I need to dump out my bag and re-think what I choose to carry. Perhaps I am not always the crisis response team for every loved one with a need. Perhaps I’ve been treating things like crises that actually aren’t. Perhaps my over-preparedness prevents moments of serendipity which I should embrace, moments when someone else gets to step up and be the hero instead of me. Or when they get to fumble through and figure things out for themselves learning and growing in the process. Perhaps the answer is not always I step up and handle it.
This is how I can tell it was a hard year and not a bad one, I am able to decide to manage things differently for next year. I can look at how I carry each of the burdens which I need to keep. I can remember a recent conversation with a friend about my role as household financial manager. She wisely told me that redoing the math several times per week doesn’t change the numbers. It just means I’m stewing in my stress about the numbers. “trust past Sandra.” My friend said “she’s pretty smart and you don’t need to re-do her math. Until there is something new to calculate, leave the numbers be.” I’m going to listen to my friend and put the finances into the bag instead of carrying them in my arms.

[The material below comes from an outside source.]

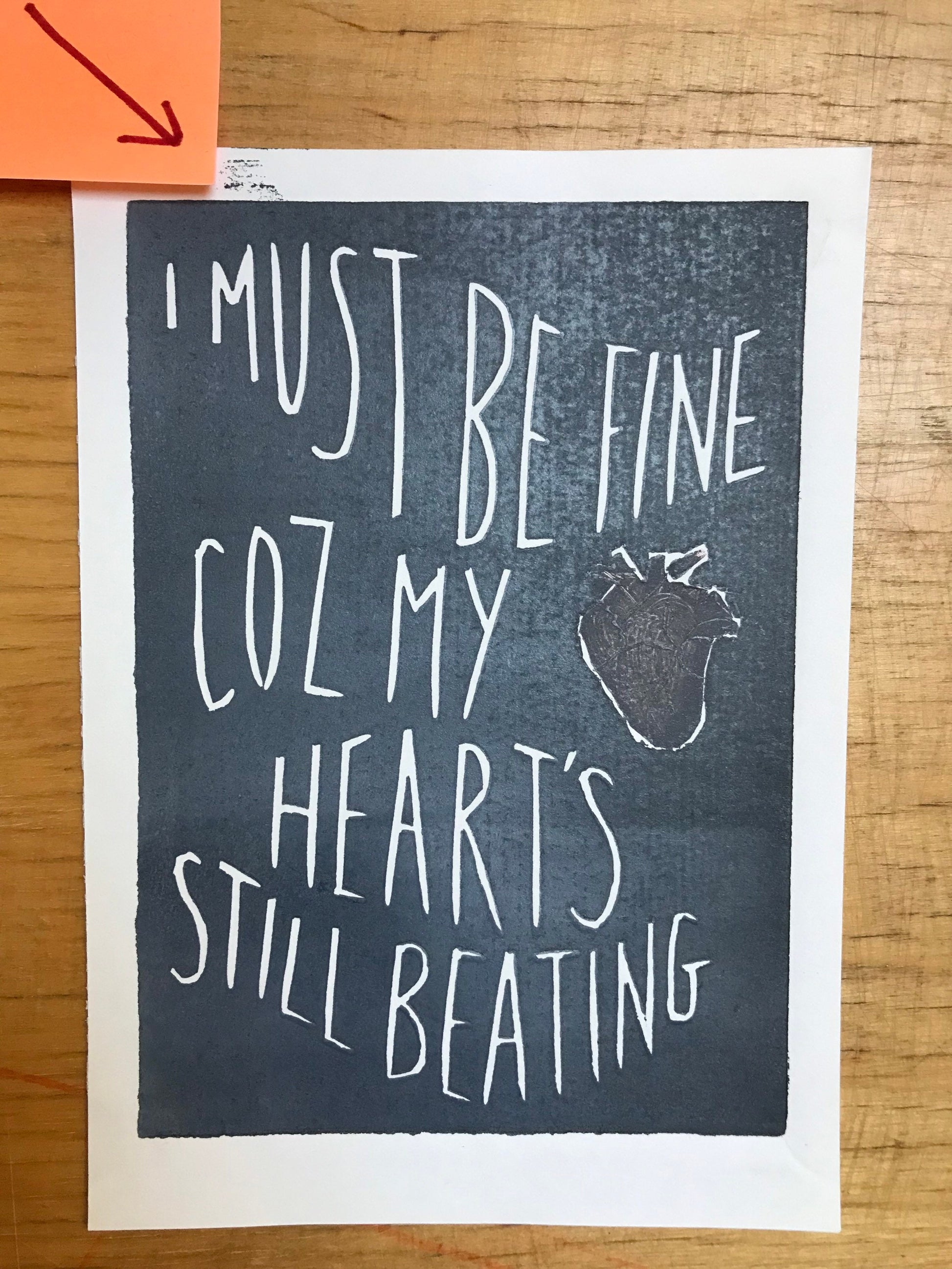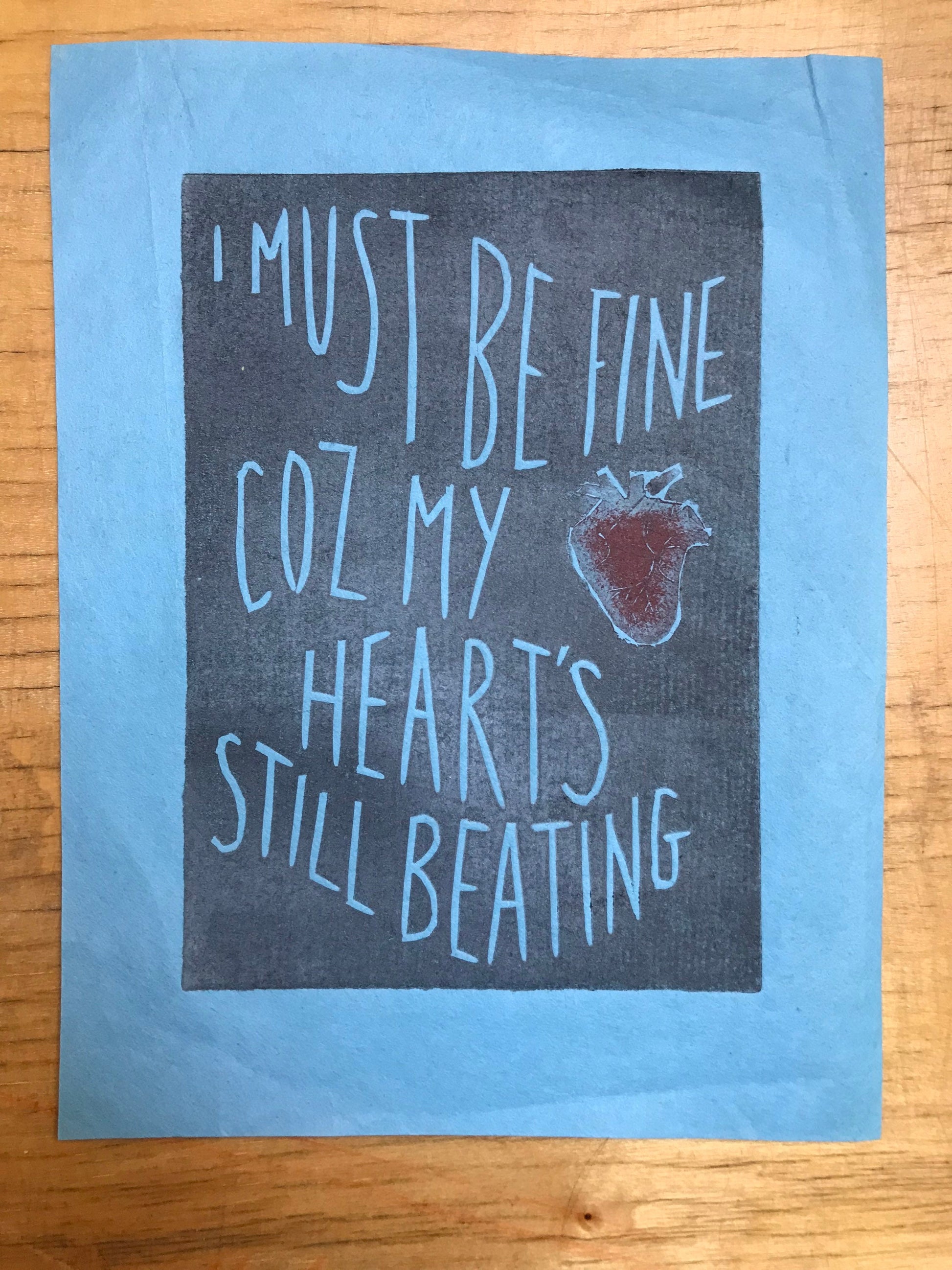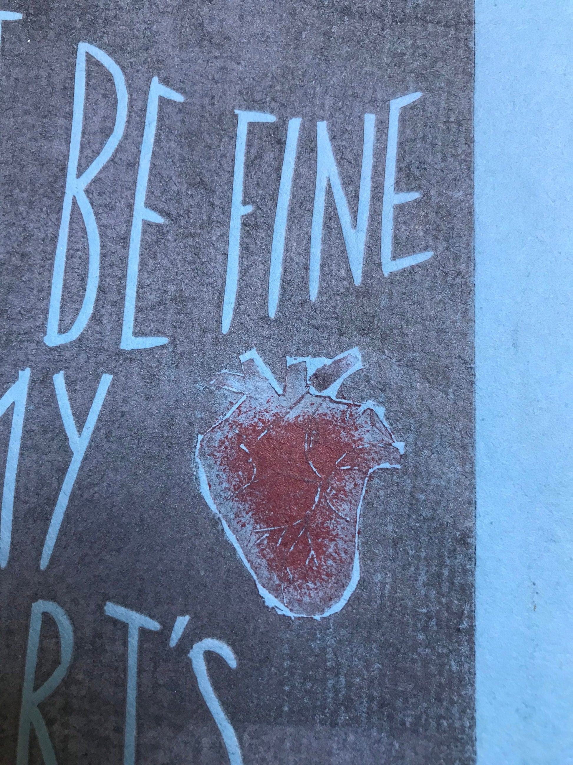 This is print created from two sections of Lino of lyrics from White Stripes ‘Fell in Love With A Girl’ “I must be fine coz my heart’s still beating”
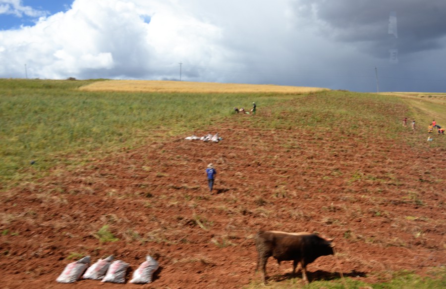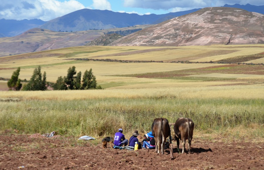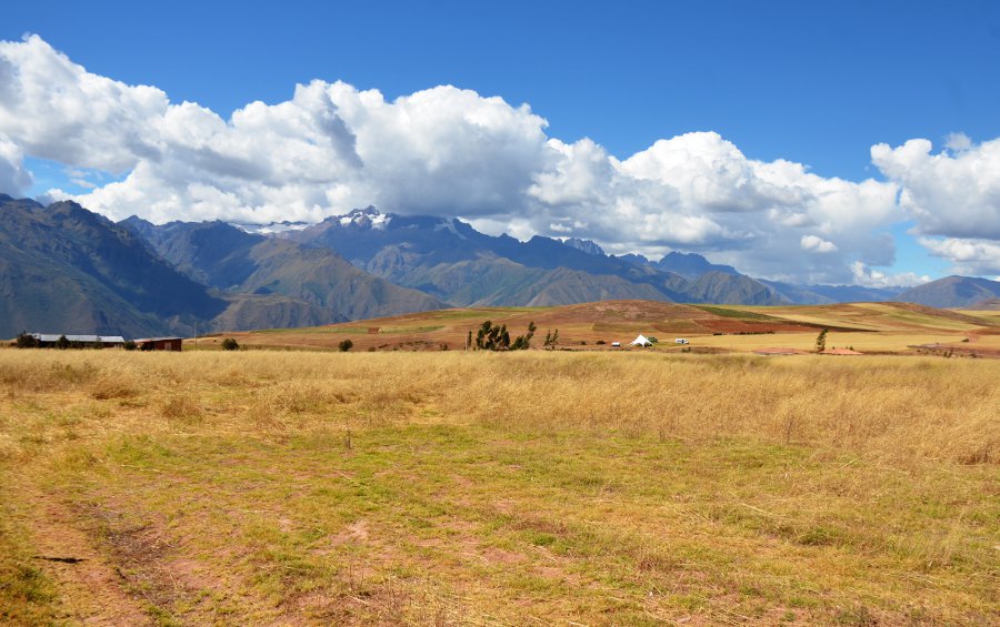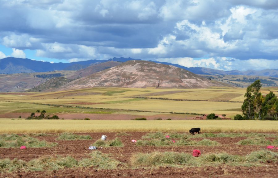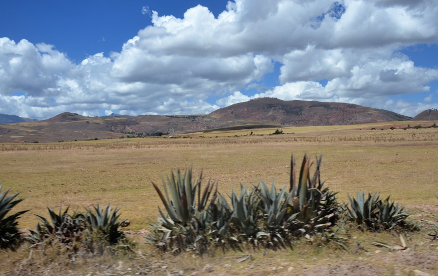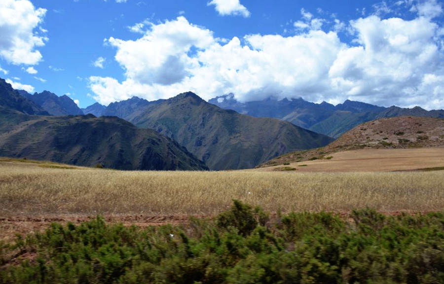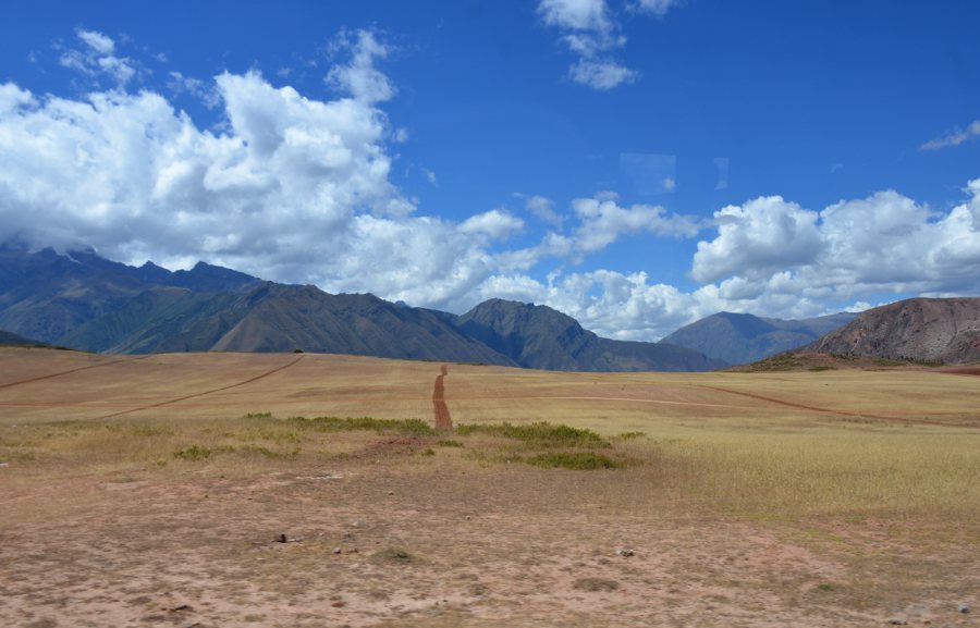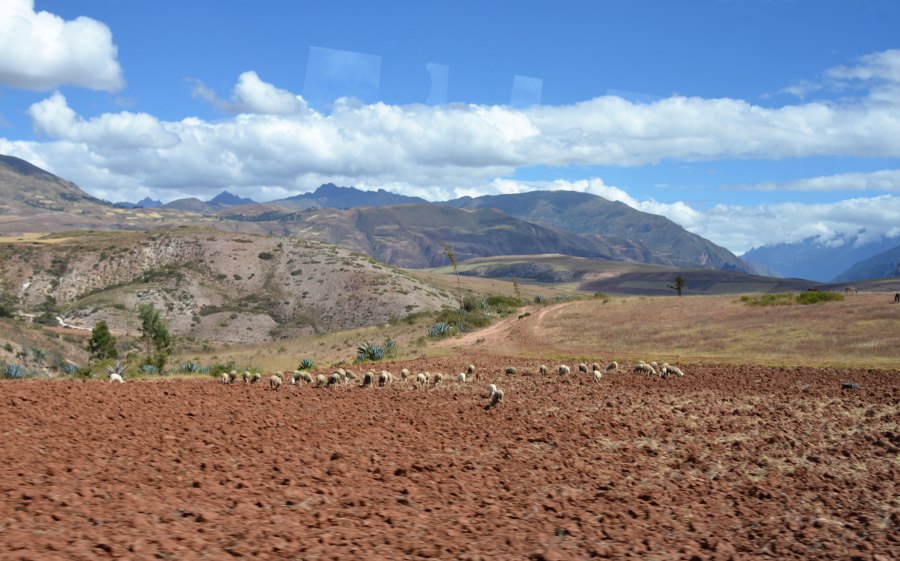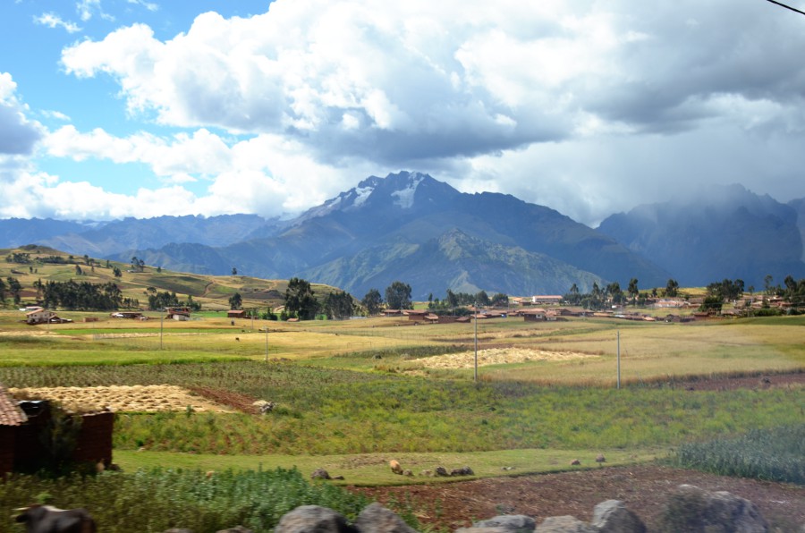 Paysages sublimes magnifiés par une lumière exceptionnelle. Le ciel se couvre déversant sur toute la vallée des teintes orangées. Le haut plateau andin déroule sa longue steppe à travers un écrin de montagnes aux cimes enneigées. Des paysans travaillent dans les champs de maïs. D’autres accompagnent les bêtes sur les versants de collines. Les champs de quinoa redessinent la campagne. Des moutons paissent au milieu des friches et, au loin, un chemin de terre poursuit sa course jusqu’au pied des montagnes. C’est beau et c’est à couper le souffle.

A thing I’m going to attempt to abandon entirely is the cloud of self judgement that surrounded so many things. What if when I say “sorry we can’t afford that this month” it is a statement of fact instead of the beginning of an emotional guilt spiral about how I’ve failed in my role as steward of finances. What if I say “sorry I can’t do that” without the massive spiral of social guilt at telling a friend no. What if I just do (or don’t do) tasks without carrying a cloud of anxiety about each one. What if I put down the extra pencils and trust that I put one in my bag or that a friend will have one for me if I didn’t.
I’ve wandered through a trail of metaphors in this post. Some of them are fighting a bit. I’ve had a theme, a flood, a soundtrack, and a bag. I suppose those are a lot to juggle in a single post, but it’s been that kind of year. The artistic thing to do would be to wander backwards along the same trail, collecting and connecting them as I go. If I could connect all the dots and land this neatly, that would be very satisfying both for me and possibly for you. But 2023 has been messy. It defies my attempts to entrap it inside a single metaphor. (I didn’t even deploy the one where I talk about how I want the story of next year to not be stress-themed.) So I’m going to let all the metaphors stand as they are, each expressing a different aspect of the meaning I’m trying to convey.
Standing here on the edge between last year and new year, it feels like I can make the new year different. Better. Not all at once, but day by day I can choose to set down old coping strategies and pick better ones. Day by day I can craft a year with less disaster clean up, brighter music, a lighter load, and a more hopeful story. The year just passed was a hard year, but I feel ready for the next one.